▸ **ASSIGNMENT**
Below are the records; give again exactly the lines from the one containing "QUARTARA in ceramica" through the one containing "Adrien Gardère által", leaving out pictures.

▸ **SOURCE DATA**
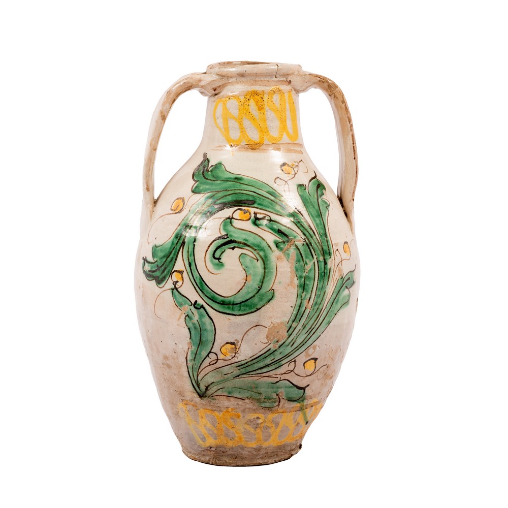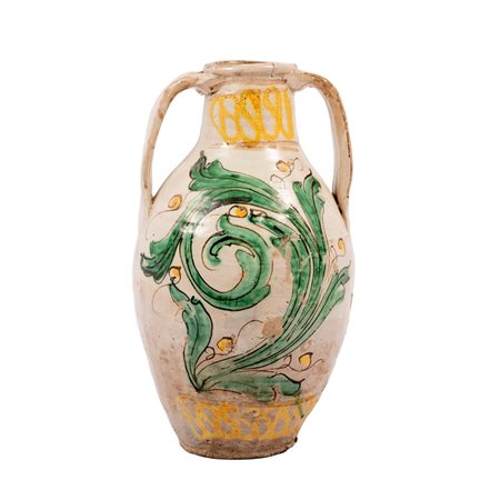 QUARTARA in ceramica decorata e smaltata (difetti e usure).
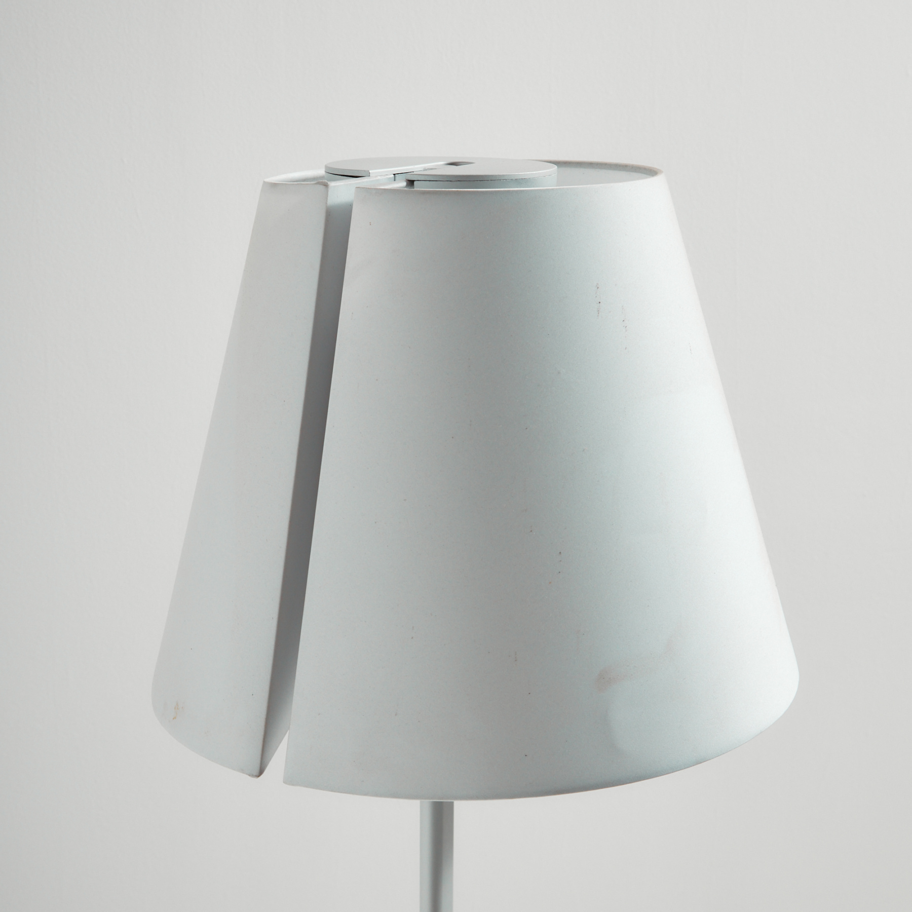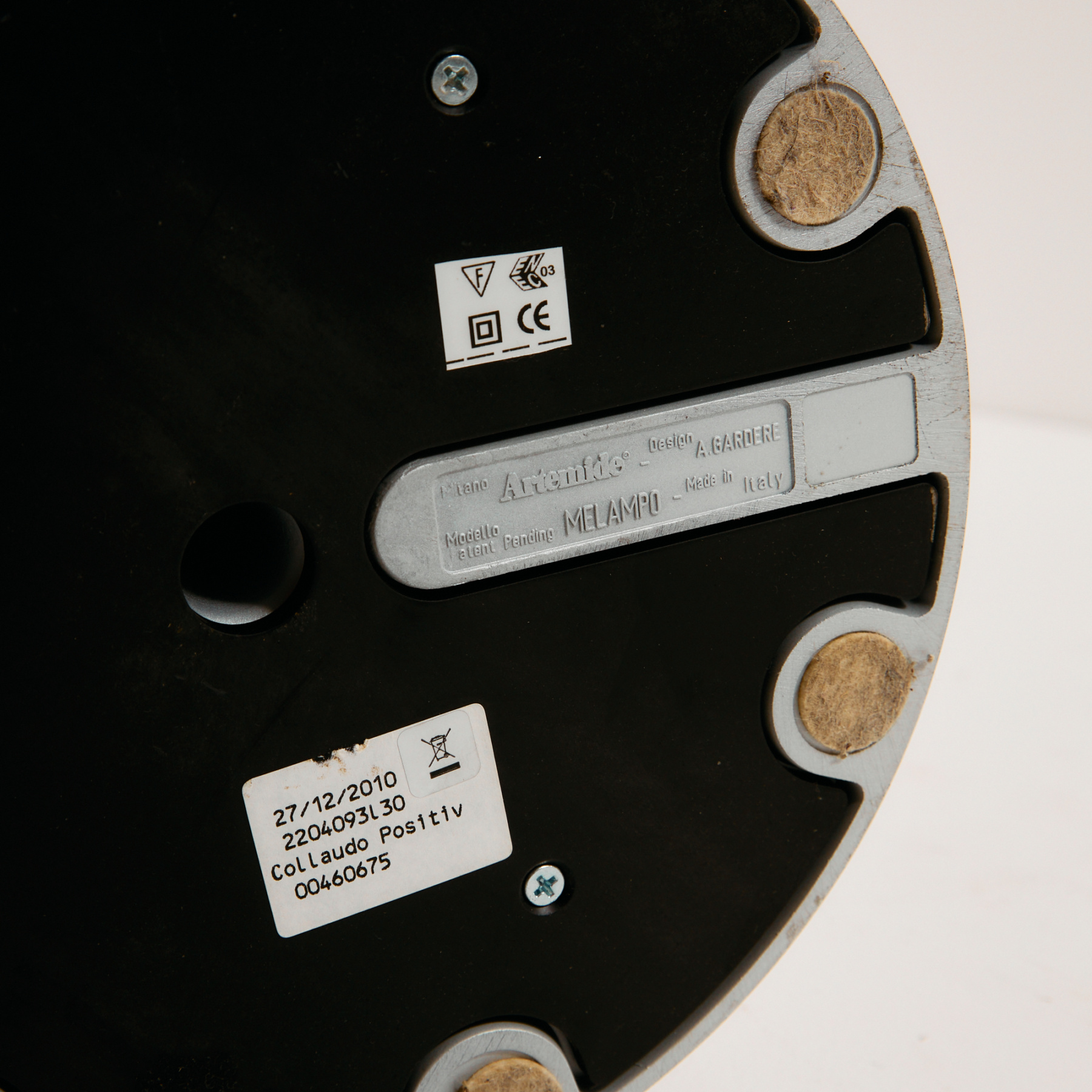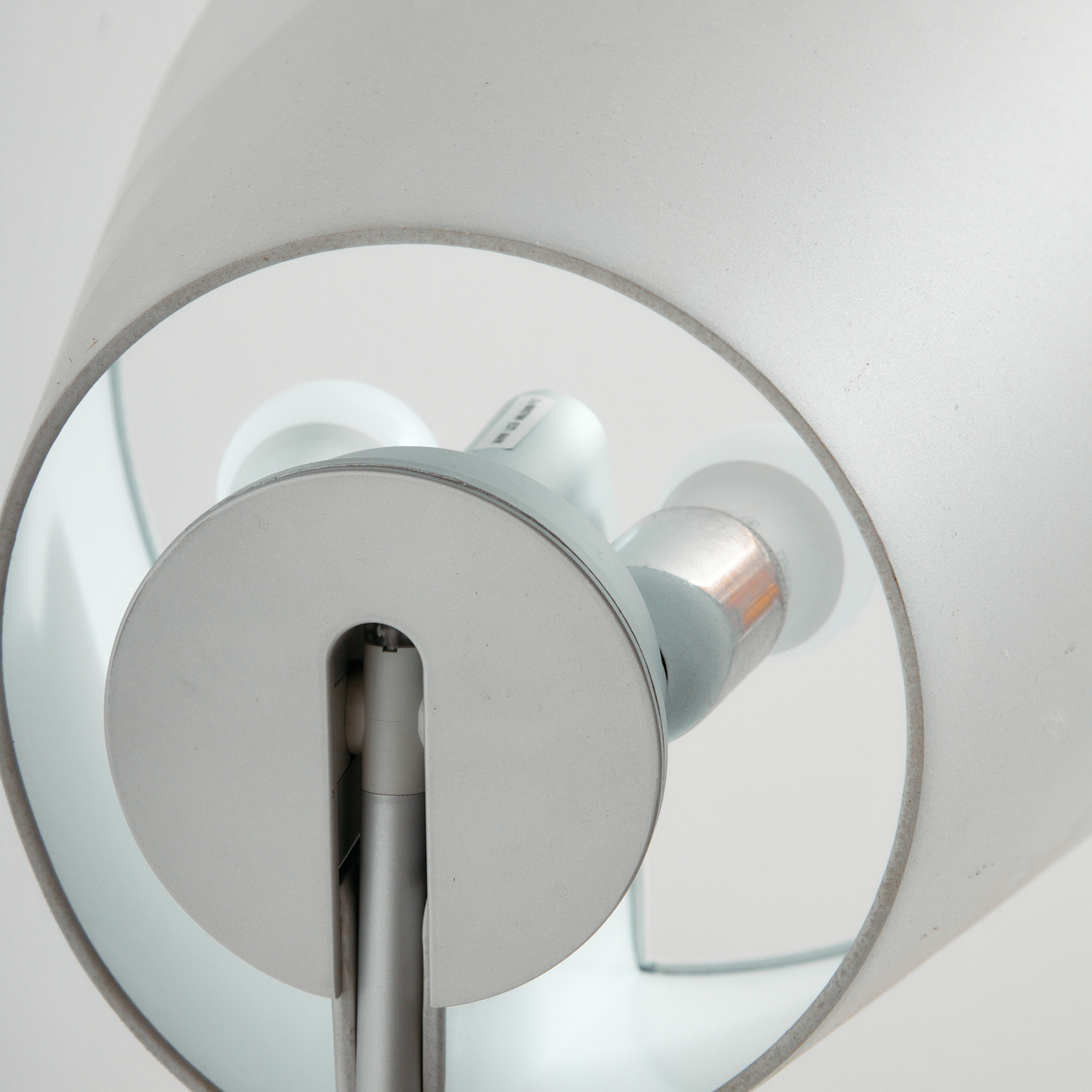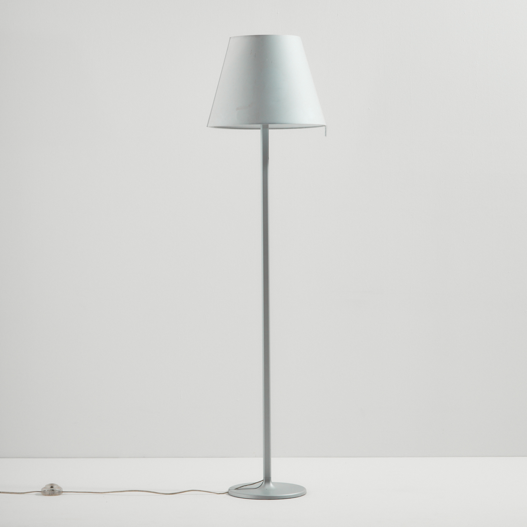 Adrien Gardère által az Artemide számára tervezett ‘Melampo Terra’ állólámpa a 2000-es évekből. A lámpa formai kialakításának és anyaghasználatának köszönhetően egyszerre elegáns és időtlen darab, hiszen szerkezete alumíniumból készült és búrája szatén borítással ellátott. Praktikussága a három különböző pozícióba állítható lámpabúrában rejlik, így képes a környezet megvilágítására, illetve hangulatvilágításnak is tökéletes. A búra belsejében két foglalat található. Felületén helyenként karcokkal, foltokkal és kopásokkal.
* * *
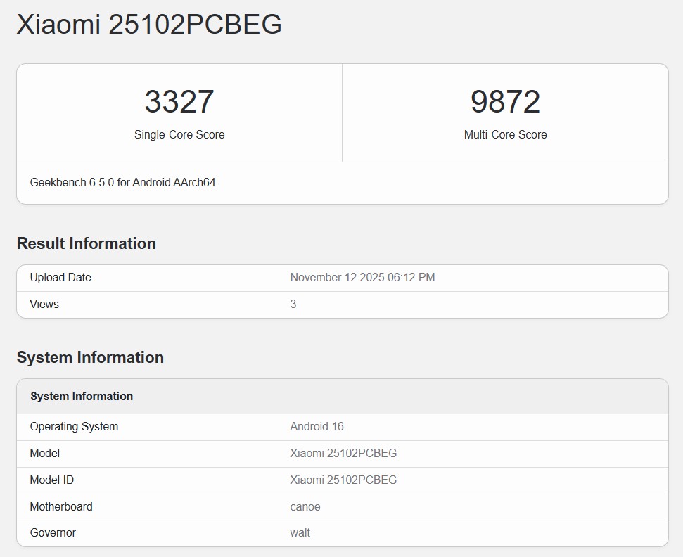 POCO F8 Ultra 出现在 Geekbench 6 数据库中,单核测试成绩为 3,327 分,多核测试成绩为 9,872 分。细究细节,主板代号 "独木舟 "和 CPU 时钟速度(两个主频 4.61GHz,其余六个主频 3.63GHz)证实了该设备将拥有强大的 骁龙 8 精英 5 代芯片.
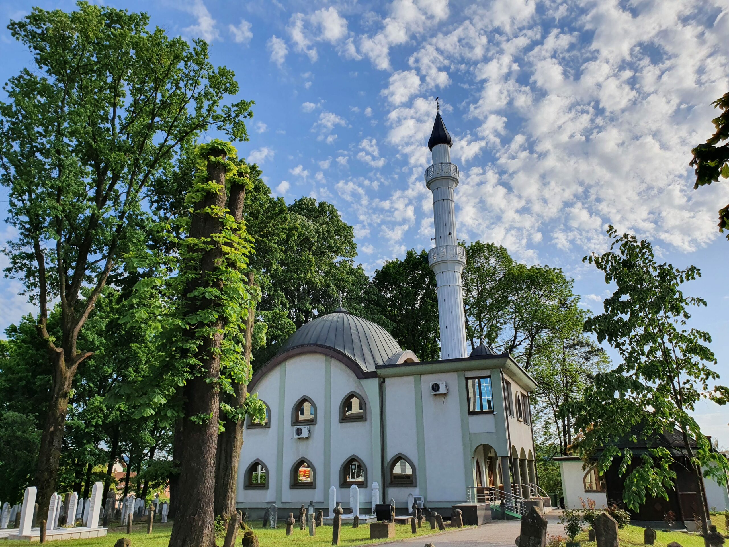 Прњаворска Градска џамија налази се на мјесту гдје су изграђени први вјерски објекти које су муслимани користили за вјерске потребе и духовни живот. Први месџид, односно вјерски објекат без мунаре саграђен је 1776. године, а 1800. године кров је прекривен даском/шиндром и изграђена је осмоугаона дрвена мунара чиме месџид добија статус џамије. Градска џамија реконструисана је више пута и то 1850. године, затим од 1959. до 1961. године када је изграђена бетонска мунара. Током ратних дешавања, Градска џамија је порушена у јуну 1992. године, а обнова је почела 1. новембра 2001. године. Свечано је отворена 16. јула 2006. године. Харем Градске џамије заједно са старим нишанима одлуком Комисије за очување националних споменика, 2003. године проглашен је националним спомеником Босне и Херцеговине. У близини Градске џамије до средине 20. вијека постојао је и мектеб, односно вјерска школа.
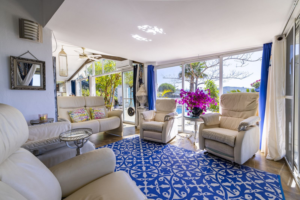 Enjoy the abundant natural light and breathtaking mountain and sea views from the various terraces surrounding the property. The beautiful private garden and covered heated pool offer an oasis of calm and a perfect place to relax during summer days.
...
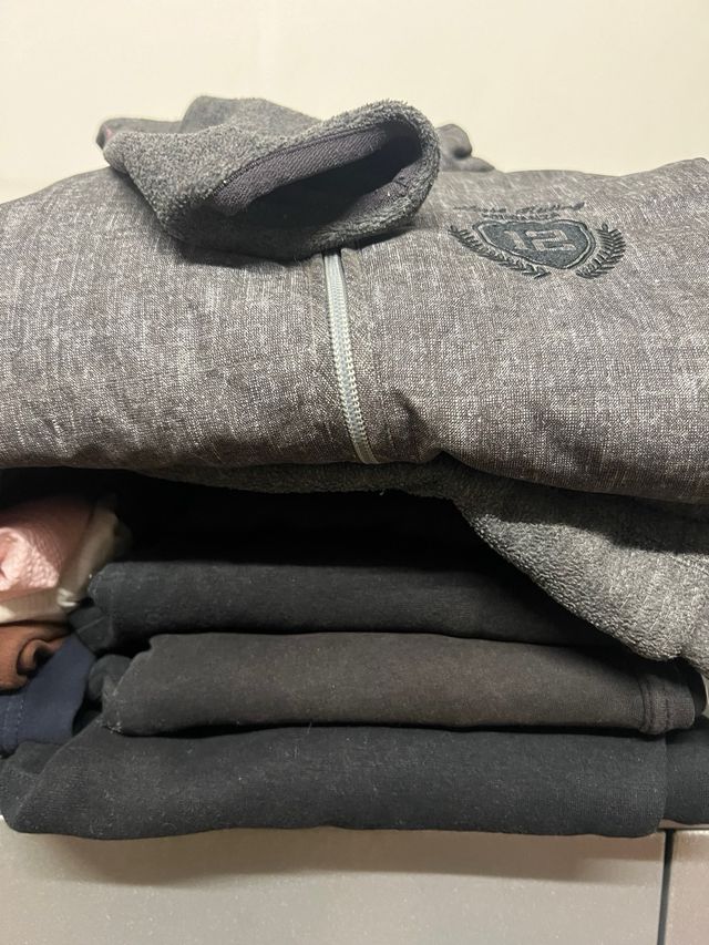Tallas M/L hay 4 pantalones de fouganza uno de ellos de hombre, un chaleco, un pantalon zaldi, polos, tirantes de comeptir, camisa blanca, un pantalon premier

▸ **FINISHED TASK**
 QUARTARA in ceramica decorata e smaltata (difetti e usure).
 Adrien Gardère által az Artemide számára tervezett ‘Melampo Terra’ állólámpa a 2000-es évekből. A lámpa formai kialakításának és anyaghasználatának köszönhetően egyszerre elegáns és időtlen darab, hiszen szerkezete alumíniumból készült és búrája szatén borítással ellátott. Praktikussága a három különböző pozícióba állítható lámpabúrában rejlik, így képes a környezet megvilágítására, illetve hangulatvilágításnak is tökéletes. A búra belsejében két foglalat található. Felületén helyenként karcokkal, foltokkal és kopásokkal.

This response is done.